PHP: Atom Feed Reader: Source Code
Based on the RSS Feed Reader, this is a similar class designed to parse Atom feeds and display them on a webpage as HTML. It's not been tested on all versions of the Atom format, but should be easy enough to customise.

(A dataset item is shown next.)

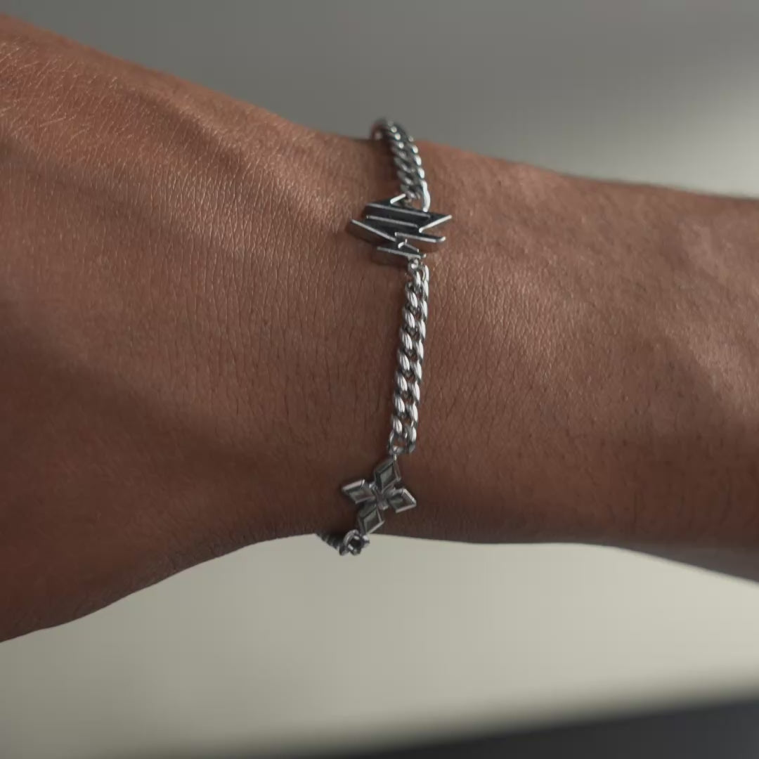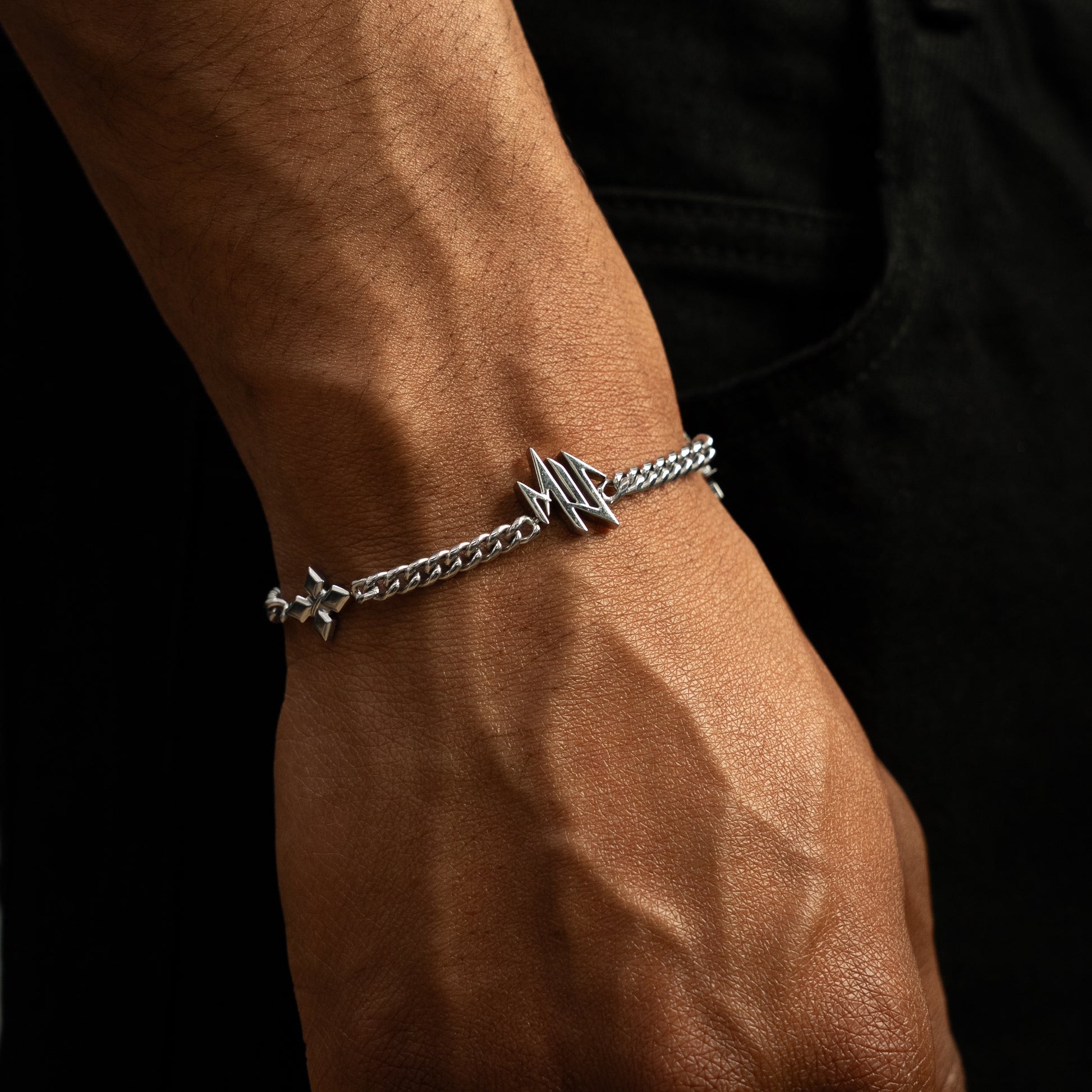The MIS Cuban Bracelet combines three iconic Make It Shine symbols: the star-spangled cross, the double star logo, and the MIS logo.

Embedding an Atom Feed as HTML
Again, it's a simple class with a constructor and two public functions: getOutput returns an HTML-formatted version of the Atom feed, while getRawOutput returns all the attributes in a single multi-level array.
<?PHP
use \Chirp\AtomParser;
// where is the feed located?>
$url = "http://www.example.net/atom.xml";
// create object to hold data and display output
$atom_parser = new AtomParser($url);
$output = $atom_parser->getOutput(); # returns string containing HTML
echo $output;
?>
You can limit the number of entries displayed by passing an integer as the first argument to getOutput(), and if the encoding of your webpage doesn't match that of the feed you're subscribing to then you can pass the desired encoding as a second argument to getOutput() (e.g. ISO-8859-1). Otherwise by default the output of this class will use UTF-8 (Unicode).
In some cases, for your request to get through, you will need to set a User Agent before calling the parser script.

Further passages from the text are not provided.